Photo/Illutration The Fair Trade Commission’s building in Tokyo’s Chiyoda Ward (Asahi Shimbun file photo)

Using artificial intelligence (AI) and algorithms to automatically set the prices for goods and services could violate Japan's Anti-Monopoly Law, according to a study group formed by the Fair Trade Commission.

The group of outside experts, led by Noriyuki Yanagawa, a professor at the University of Tokyo’s Graduate School of Economics, released a report into the matter on March 31 after meeting eight times over the past year.

The report cited cases where companies used a common algorithm to automatically set the prices on their goods or services--only to all end up with the same price tag in the end.

If the companies are aware that this is a possible outcome when they put their dynamic-pricing algorithms to use, it would constitute an illegal “price-fixing cartel” under the law, the report said.

The law requires authorities to establish “communication of will” among companies to charge them with operating a price-fixing cartel.

But in cases where they used AI-powered dynamic pricing, the FTC can conclude that there is an unspoken agreement between them, even when the companies do not directly communicate with each other, the study group said.

The report also cited cases where the AI software used by companies to adjust their prices had reacted to another company’s price increases by immediately following suit.

If the initial release of a company’s new price information is difficult for consumers to access and only shared among industry peers, authorities can conclude that they “share the will to increase prices,” the report said.

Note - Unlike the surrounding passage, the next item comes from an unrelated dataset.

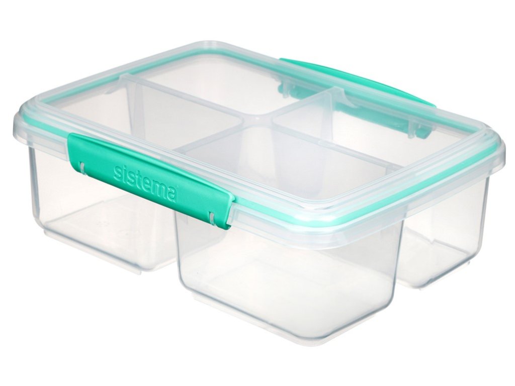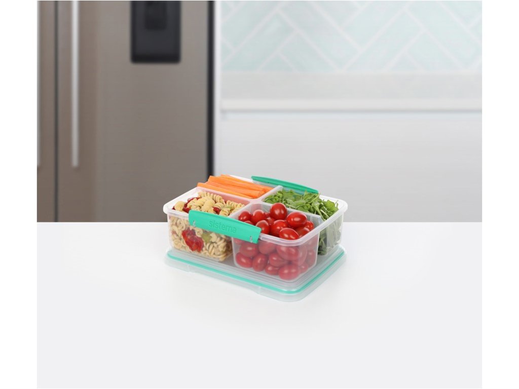 Die Box ist in vier Fächer unterteilt, sodass Sie verschiedene Lebensmittel getrennt aufbewahren und vor Vermischung schützen können. So können Sie beispielsweise Salat, Obst, Nüsse und Kekse in einer Box mitnehmen. Mit dieser Box reduzieren Sie den Verbrauch von Plastiktüten und Frischhaltefolie und sorgen gleichzeitig dafür, dass Ihre Lebensmittel frisch und lecker bleiben. Vorteile: • 4 Fächer • Einfacher Verschluss: Sistema®-Clip und elastische Dichtung • Geräumig und praktischZusätzliche Parameter

The group also pointed out that even when companies do not willfully conspire to increase their prices simultaneously, the algorithms used by each company may make decisions on their own and act in union.

Such a case has not been reported yet, but the group said the FTC “should pay close attention.”

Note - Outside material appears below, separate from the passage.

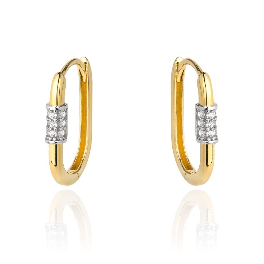 Złote kolczyki o oryginalnym kształcie z subtelnym kamieniem to elegancka i nietuzinkowa propozycja dla kobiet, które cenią wyjątkowy design i wysoką jakość. Wykonane z żółtego złota próby 585, zachwycają precyzyjnym wykonaniem oraz harmonijnym połączeniem formy i blasku. Kolczyki mają wysokość 12,85 mm, szerokość 12,15 mm, a grubość elementu ozdobnego to 2,75 mm. Całość uzupełnia wygodne i bezpieczne zapięcie angielskie, które sprawdzi się w codziennym użytkowaniu i na wyjątkowe okazje.

The group also discussed AI-powered “personalized pricing,” in which companies tailor their prices to individual customers based on a profile of them.

Under this system, a firm with a large market share could show lower prices to people shopping at rival companies to stifle competition. A case like this would likely be considered “private monopolization,” which is a violation of the law, the group said.

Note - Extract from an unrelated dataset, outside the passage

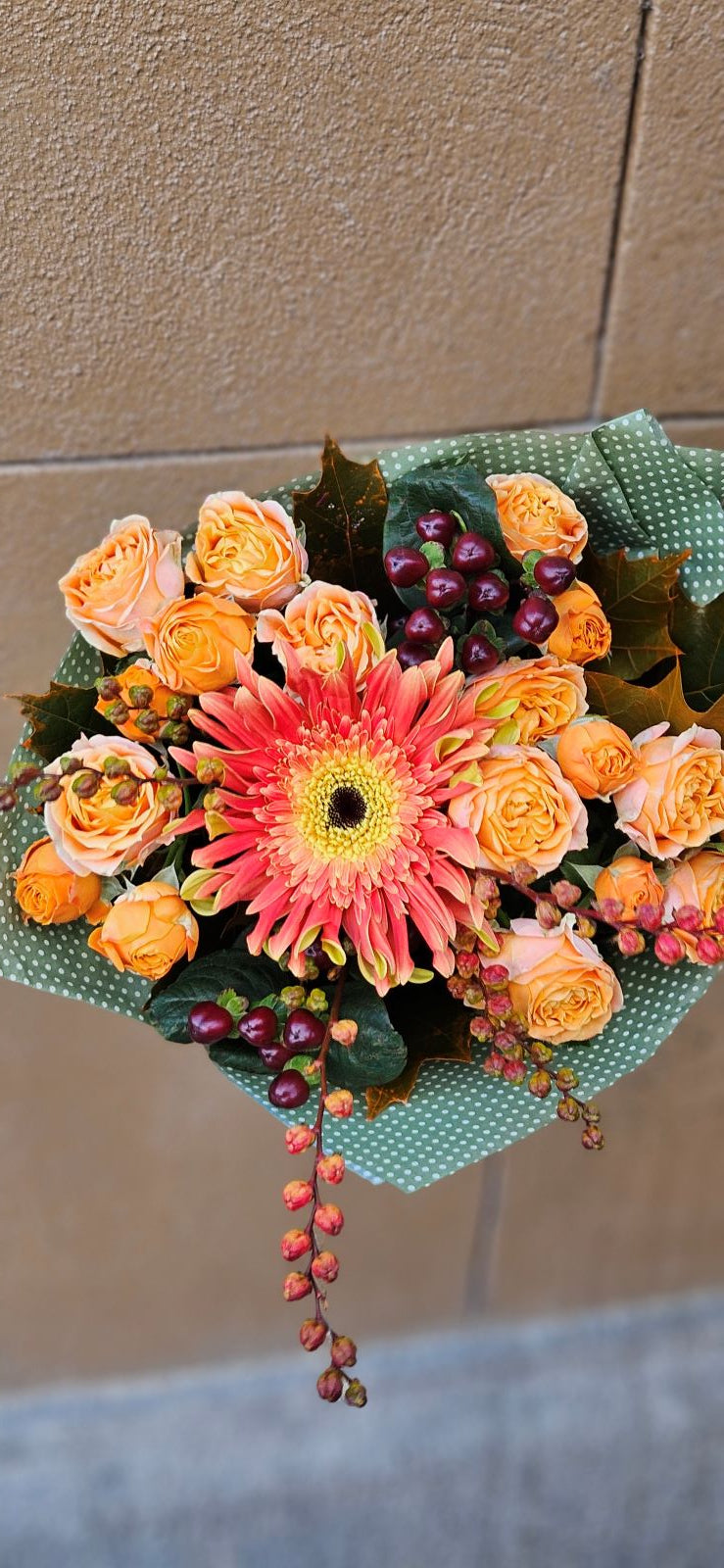 Bukett med härliga starka orange toner ed fina bär hypericum, germimi, kvistros m.m

Authorities must be able to analyze the source code and verify the data to investigate into a potential anticompetitive situation involving advanced technology like this. The report said the FTC should work with experts to ensure that they have employees that have developed adequate skills for investigating these type of cases.

Authorities in many other countries are already studying the practical implications of companies using AI and algorithms to quickly check competitors’ pricing and then decide whether to adjust their own prices.

The use of this kind of technology is expected to facilitate more competitive pricing. But experts warn it could make it easy for dominant firms to align and eliminate competitors.